An MA is not necessarily a prerequisite for a PhD, although many people who earn PhDs earn MAs first. If you know that you definitely want to pursue a PhD, you may apply directly to many doctoral programs. Applying directly to a PhD program means that your coursework and progress to degree will be more streamlined than if you apply first to an MA program and subsequently to a PhD program. Also, you are more likely to receive funding in a PhD program.

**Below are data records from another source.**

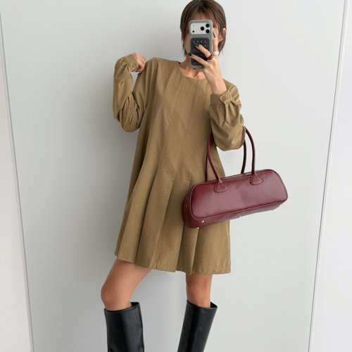[옷자락] 여자 봄데이트룩 플리츠 라운드넥 결혼식 미니원피스
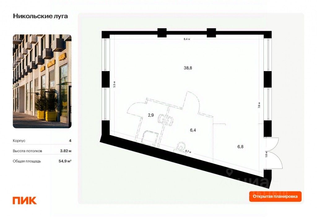 - Открытая планировка, возможно объединить несколько помещений
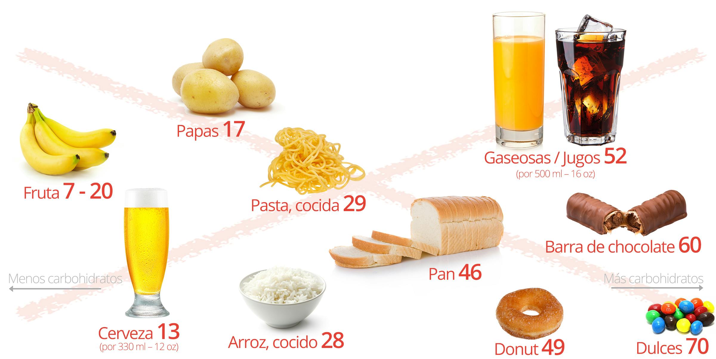 Esto es lo que no deberías comer al seguir una dieta baja en carbohidratos: alimentos repletos de azúcar y almidón. Como puedes ver, estos alimentos tienen muchos más carbohidratos.
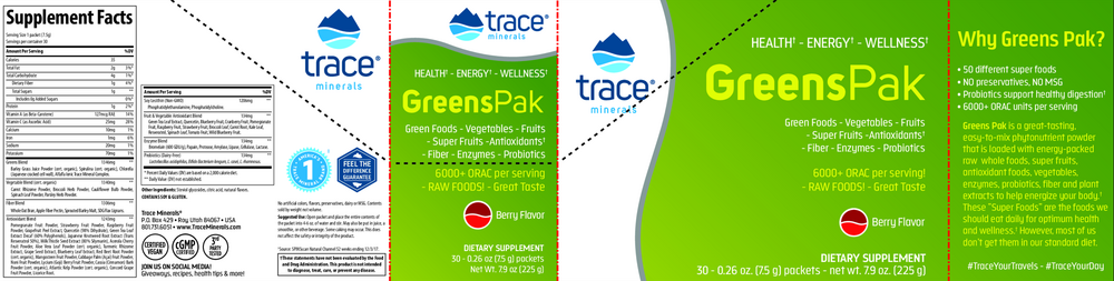 Additionally, Greens Pak is supercharged with over 72 ionic trace minerals and elements from ConcenTrace®, an ionic mineral complex from Utah’s inland sea, the Great Salt Lake.*

However, pursuing a PhD is a serious commitment. The average number of years it takes to complete a PhD is seven. PhD students generally spend their first 1-3 years taking graduate level courses and studying one or more foreign languages, very much as MA students do. After completing their coursework, PhD students begin preparing themselves for their comprehensive exams in one or more fields of study, usually under the supervision of a committee of faculty members with appropriate expertise. The exams usually include oral and written components, and some schools require separate written work to be completed along with exams.

After successfully completing exams, each PhD candidate develops a prospectus, or dissertation proposal, in consultation with a supervising committee. Once the committee approves the prospectus, the student moves on to composing the dissertation. A dissertation is a work of original scholarship that contributes to one or more academic fields. The work of a dissertation can take so many different forms that it is difficult to offer examples of dissertation topics that are genuinely representative. However, the average dissertation is just over 200 pages long. (You can browse dissertation titles and abstracts—and even look at recent dissertations—by logging on to the Digital Dissertations database available through Pitt’s University Libraries System.)

Students who thrive in PhD programs tend to value the work of earning the degree for the learning and thinking they do, not just as a means of getting a credential. As a credential, a doctorate is the degree required for most academic and administrative positions in four-year colleges and universities. However, the job market for tenured or tenure-stream positions in four-year colleges and universities is extremely tight. Acomprehensive study by the Modern Language Association in 1997 determined that fewer than half the people who earned PhDs in English in the early 1990s were placed in tenure-stream jobs in the year they received their degree, and the placement rate for PhDs has declined since then. People who hold PhDs in English are also usually eligible to teach in private high schools and to move into administrative positions in primary and secondary schools.